All He Had To Do Is Call

(Flash Fiction)

(This is another story based on an incident in my own life; it's about a man I used to work with.   rh)

      He wasn’t crying, exactly.  The tears were just seeping silently down his thin, deeply-grooved cheeks.  He blotted the wetness with a mashed lump of tissue.
    “I never did nothing to nobody,” he said.  His coarse voice was quiet but intense.
    “What do you mean, Cal?”  I said softly.
    “I never cheated on my wife, for one thing.  And I could have.  Believe me, I had lotsa chances.”  He took a breath and let it out.  “I never cheated on anyone else, either.  Never stole any money.  Never spread around a bunch of shit about anybody.  Hell, I never even lied very much.  ‘Specially not to people I know.  It just don’t make no sense.”
    Cal touched his forehead for a moment.  “Funny thing is, I never prayed much, either.  Now I’m praying all the time.”
    “About what happened?” I asked.
     He shook his head.  “No, I never believed in that shit, praying for yourself.  Didn’t seem right to me.  I just want an answer, that’s all.”
     His eyes swept the room, as if searching for something.  His voice grew louder.   “I musta done something to somebody.”

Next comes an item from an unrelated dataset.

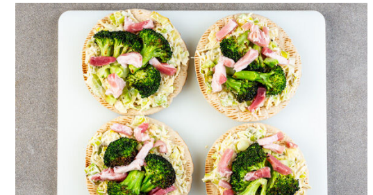
6. Pitapizzen backen

4TL Olivenöl, 2TL hellen Essig, 1TL Senf und 1TL Honig zu einem Dressing verrühren und mit Salz und Pfeffer nach Geschmack würzen.
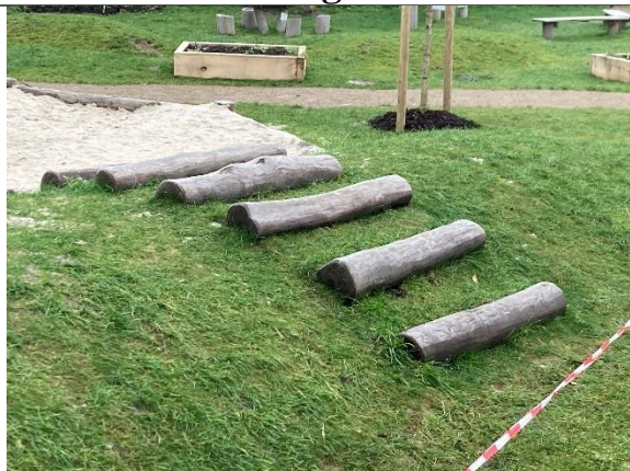
Redskab: Bjælkebro Årgang: 2024 Producent: Kompan Er redskabet mærket: Ja Er der registreret fejl/mangler: Nej

    His eyes came back to mine again.  I held his gaze.  “You aren't being punished, Cal.  Shit happens, that’s all.  I heard you say that yourself.  A hundred times.”

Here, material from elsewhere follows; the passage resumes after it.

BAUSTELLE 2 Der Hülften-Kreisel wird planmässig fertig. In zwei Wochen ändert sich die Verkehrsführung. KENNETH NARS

    He shook his head and looked away.  “It ain’t the same.  This is goddam different.”  
     His eyes were blazing now.  “This is me, for chrissake.  Don’t you get it?”
     “But it could have been me,” I said quietly.  “It could have been Jose.  It could have been Chris himself.”

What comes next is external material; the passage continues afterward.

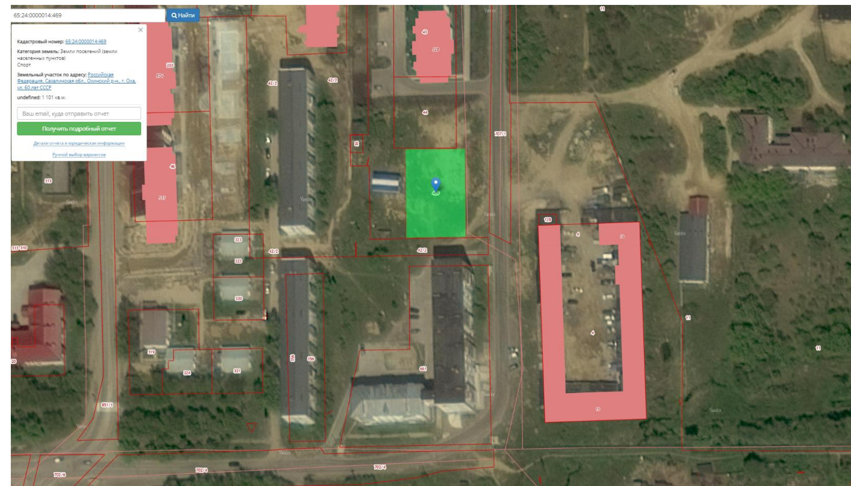
Схема размещения земельного участка на публичной кадастровой карте

Российская федерация, сахалинская область, Охинский район, г. Оха, ул. 60 лет СССР.

     “But it wasn’t,” Cal protested.  “It wasn’t any goddam one of youse.  It was me.”  He looked down at his calloused hands.  His voice was almost a whisper now.  “You don’t understand.  Nobody does.”  
     A puff of disgust erupted.  “Fuckin Jose never even came to see me.  Can you believe that?  Him and me working together, every fuckin day for the past five years?  And he don’t even come to see me?”
     “Has anyone else been here?” 
     Cal shook his head.  “Just you.  And you and me don’t even work together anymore.”
     Both of us were silent for a moment, lost in our own thoughts.  Cal looked out the window.  The sun was shining bright and hot.  The sky was as blue as a turquoise ring.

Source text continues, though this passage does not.